Shadow (Touched by the Fae 2)
Page 72
I know that look. That expression. How many guys looked at me just the same way when I was younger? The older boys in the group homes while I was still in the system, and the rich kids at Acorn Falls who thought I might be a good time when I first moved to the Everetts.
That’s lust splayed across his face, a desire to get his hands on me, to take everything I have to offer—and then some.
He wants a touch. He wants my strength. My power. My soul.
My life.
He wants me to be his mate.
And he won’t take no for an answer.
He hasn’t mentioned how far he’s willing to go to get me to agree to being with him. Not this time, at least. The Light Fae doesn’t have to. Without his glamour tricking me into thinking that this mythical, ruthless killer is charming and kind, I remember who exactly Rys is.
The golden fae—the monster I’ve spent so long running from—who killed my sister because she was in his way and, well, because he could. However he’s tried to make amends for something
that would never have seemed important to a fae, it doesn’t really matter.
Not to me.
Rys is no better than the Dark Fae that let Carolina die.
I shudder. Can’t help it. Thinking about Lina hurts too damn much. It’s too fresh. I can’t stop remembering the way she was crumpled on the floor, her dark hair fanned out over her face like a mockery of a shroud. Even the way her necklace spilled on top of a chest that was horribly still.
Her nail—
Iron.
Hope slams into me as an idea begins to form. Before he can move away from the grave marker, I reach inside of my sweatshirt, yanking out the nail knotted on the middle of the leather string around my neck.
Rys laughs. Instead of that light, lyrical laugh that floats on the air, this one grates on my nerves like fingernails down a chalkboard. I wince, but I refuse to drop the string. Instead, as if it’s a crucifix and Rys a demon, I wield it in front of me, warning him back.
The laugh should have been my first clue that it wasn’t working like I hoped.
Rys narrows his brilliant gaze at me. A feral grin splits his lips. “Oh, how quaint. So someone has clued you in to the power of iron?” Laughing to himself, he takes another step toward me. “Pity that small trinket isn’t strong enough to stop me from taking what’s mine. I grow tired of playing nice. I won’t command you. But it’s time for us to go.”
He reaches out for me.
I almost lose my damn mind.
“You can’t touch me,” I say, the sudden wave of panic slamming into me, making my voice low and rough. I forget all about the iron nail as I fold my fists, drawing them up inside the sleeves of my hoodie. “You’ll burn your hands if you do.”
“And won’t that be fair? After all, I did do the same to you once. It was necessary to erase Nine’s mark. Once I claimed you as mine, I couldn’t let my ffrindau wear a Cursed One’s brand. I never thought it would damage you as much as it did, though. That would be your human side, I suppose. Anyway, all that to say that I’ve thought it over. I caused you to burn once and didn’t even claim my mate. This time, if it means you’re mine, Riley, I’ll gladly feel the fire.” His lips curve, the points of his teeth almost as bad as the points on his ears. “I’ll heal, but the pain will be worth it for all the pleasure we’ll share, my love.”

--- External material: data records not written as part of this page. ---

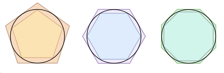 JPEG version of SVG image on Wikimedia Commons at [1]
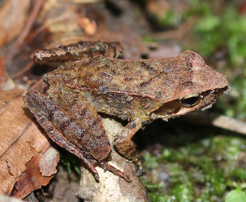 Montane brown frog (Rana ornativentris), in Mount Kiyotaki, Shiga pref., Japan.
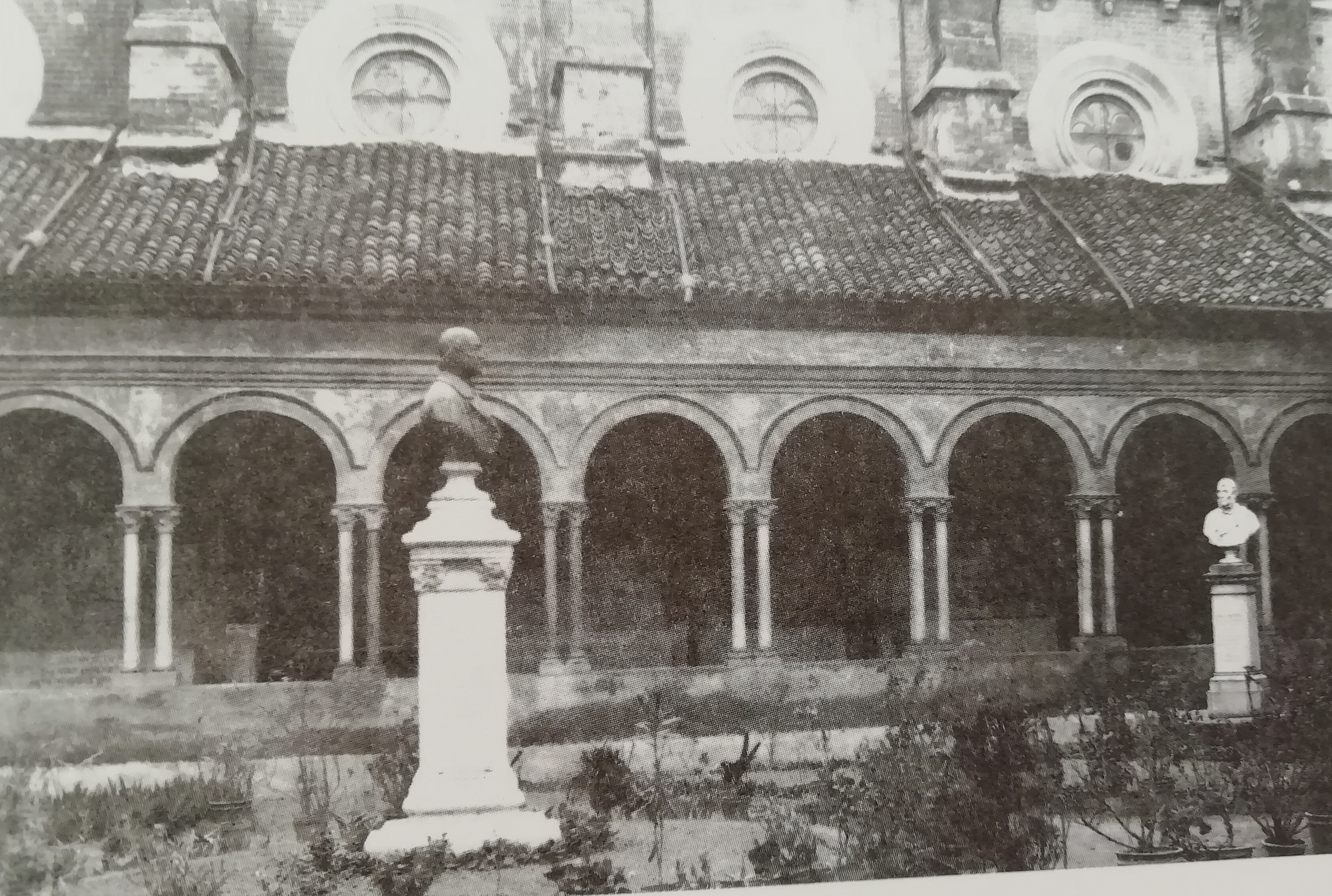 Foto del lapidario bruzza 1900
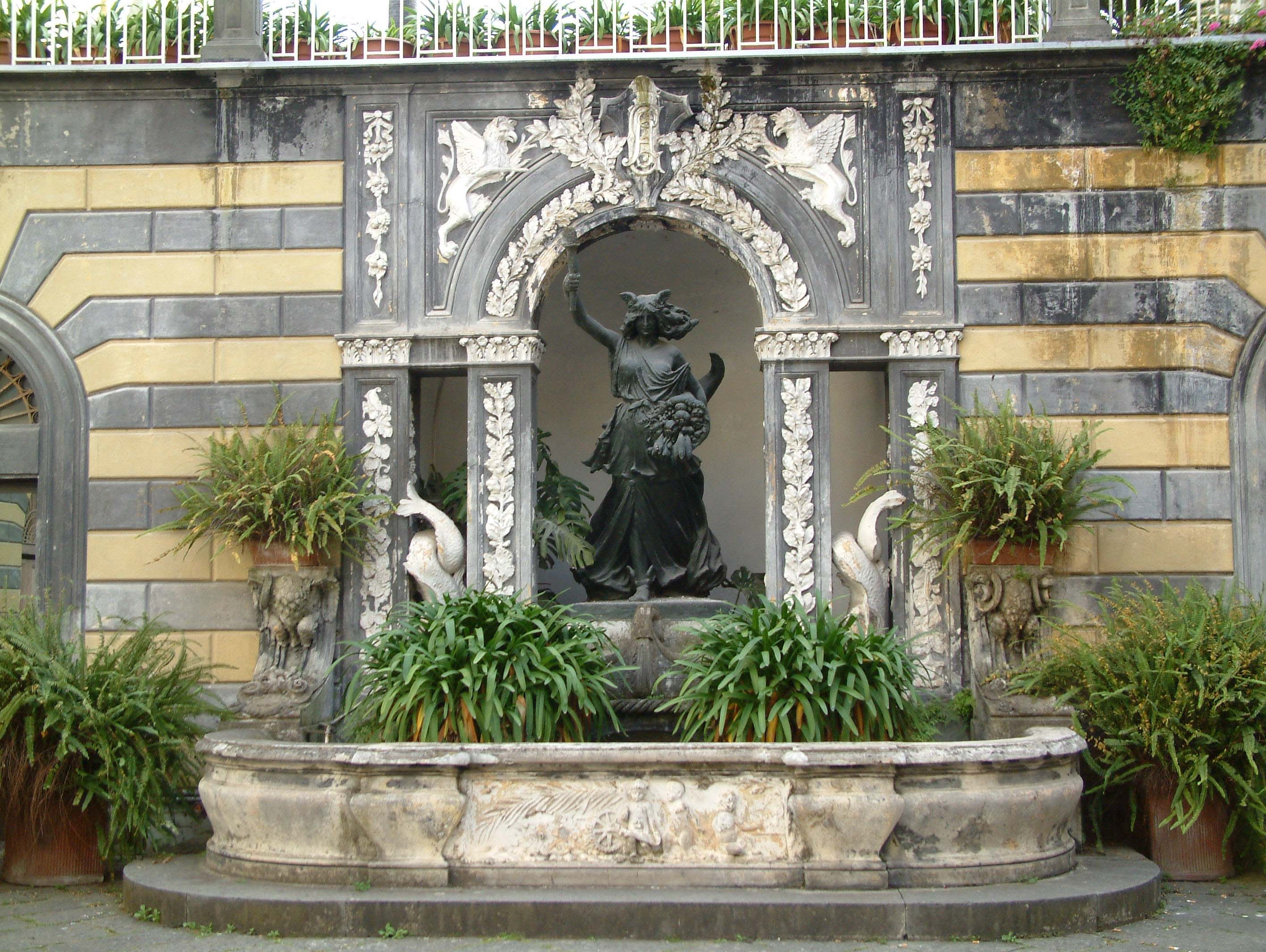 Picture about Golia Palace, Aversa.
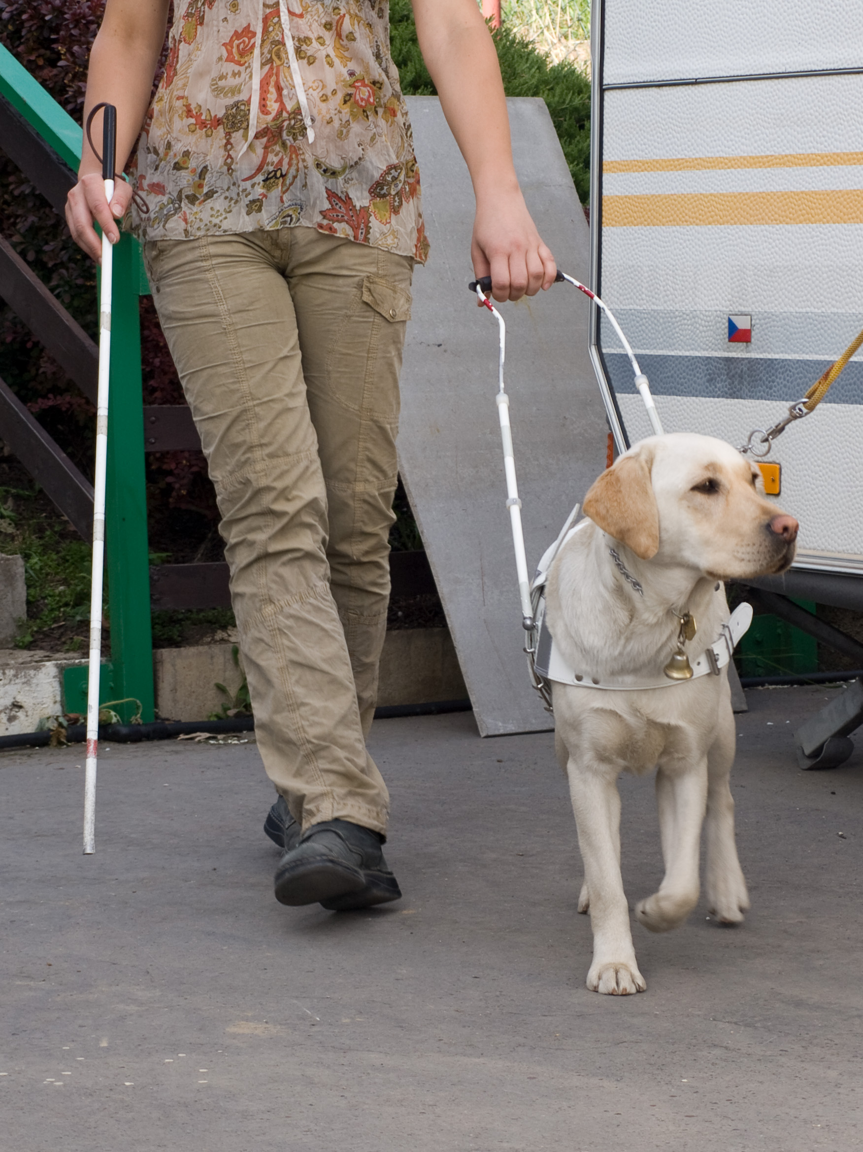 Dog guiding blind woman, Czech guide dog school Klikatá, Prague 5
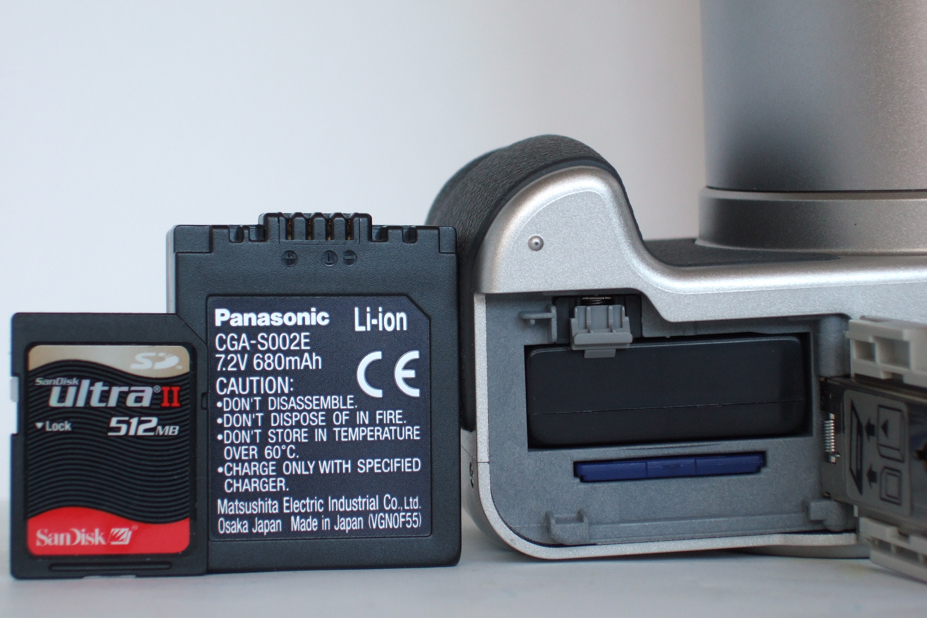 Battery Compartment and Memory Card Slot Of The Panasonic Lumix DMC-FZ20
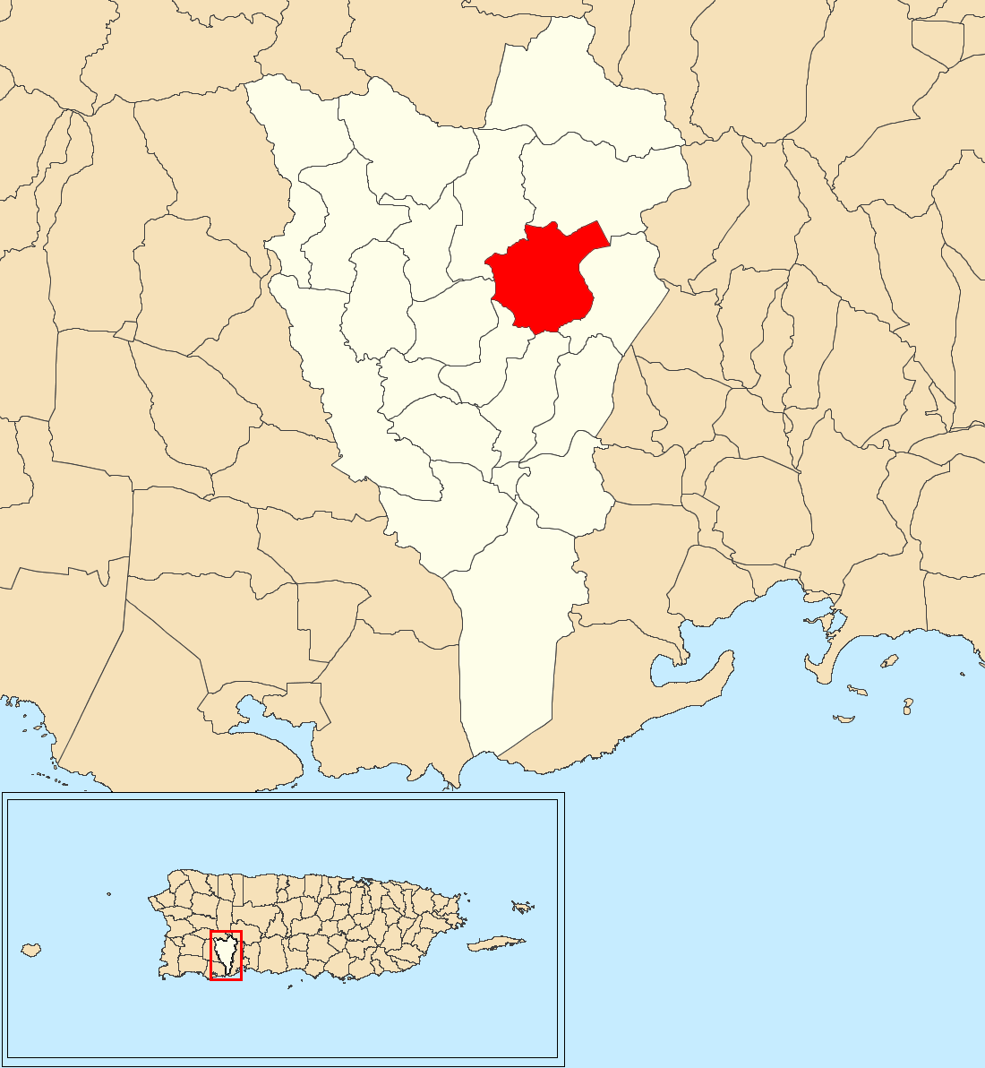 Duey, Yauco, Puerto Rico locator map

He’s serious. He means it.
He’s going to touch me.
“Don’t do that,” I plead. It’s barely a whisper. I hate how close I am to begging, but Rys is advancing and it’s too late to run, and his fingers are too, too close. “I’ll hate you forever. Just… go away. Leave me alone. You love me? Prove it. Don’t steal a touch.”
“You’ve left me no choice. Don’t fret, though. It will be fine and, in enough time, I know you’ll forgive me. After all, a long life shared with me is far better than the alternative.”
I gulp, my mind racing, trying to come up with some way to get away from him before I can’t. Carolina’s nail was a joke. He’s still gliding closer and it’s like my sneakers are rooted to the grave soil.
“What’s the alternative?”
“Oh, Riley. If the queen stops toying with you, you won’t even have a life at all.”
Why did I ask him that? I had to know what his answer would be.